Data for this task:

>>>

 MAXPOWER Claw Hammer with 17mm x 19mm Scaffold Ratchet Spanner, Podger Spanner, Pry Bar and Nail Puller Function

<<<
>>>

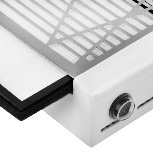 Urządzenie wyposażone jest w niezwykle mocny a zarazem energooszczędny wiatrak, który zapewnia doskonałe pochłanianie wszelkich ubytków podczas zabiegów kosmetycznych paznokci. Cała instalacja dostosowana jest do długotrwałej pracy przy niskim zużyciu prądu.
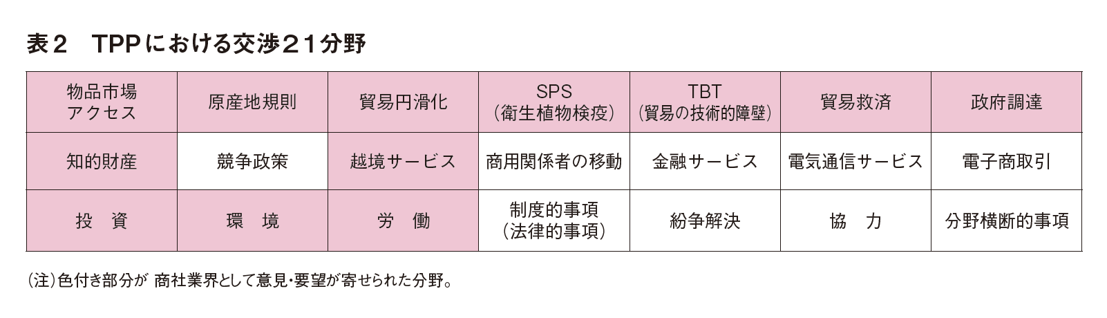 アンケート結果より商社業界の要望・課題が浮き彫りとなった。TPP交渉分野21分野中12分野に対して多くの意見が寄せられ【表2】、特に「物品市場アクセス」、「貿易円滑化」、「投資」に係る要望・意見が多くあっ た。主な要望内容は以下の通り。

<<<
>>>

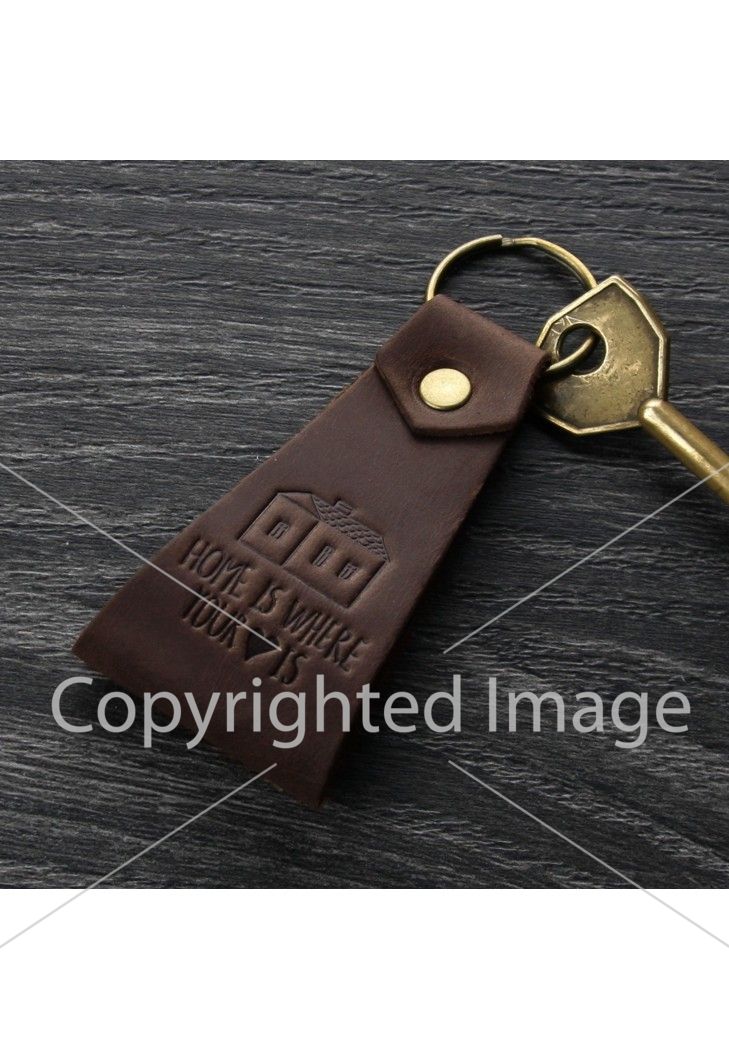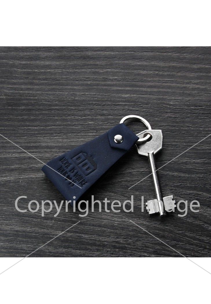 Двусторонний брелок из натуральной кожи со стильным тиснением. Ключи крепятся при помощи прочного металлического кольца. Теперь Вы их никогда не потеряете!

<<<

Task to complete: Starting at the line containing "Urządzenie wyposażone jest" and stopping at the line containing "アンケート結果より商社業界の", output each line exactly as it appears above. Leave out the pictures.

Task response:
 Urządzenie wyposażone jest w niezwykle mocny a zarazem energooszczędny wiatrak, który zapewnia doskonałe pochłanianie wszelkich ubytków podczas zabiegów kosmetycznych paznokci. Cała instalacja dostosowana jest do długotrwałej pracy przy niskim zużyciu prądu.
 アンケート結果より商社業界の要望・課題が浮き彫りとなった。TPP交渉分野21分野中12分野に対して多くの意見が寄せられ【表2】、特に「物品市場アクセス」、「貿易円滑化」、「投資」に係る要望・意見が多くあっ た。主な要望内容は以下の通り。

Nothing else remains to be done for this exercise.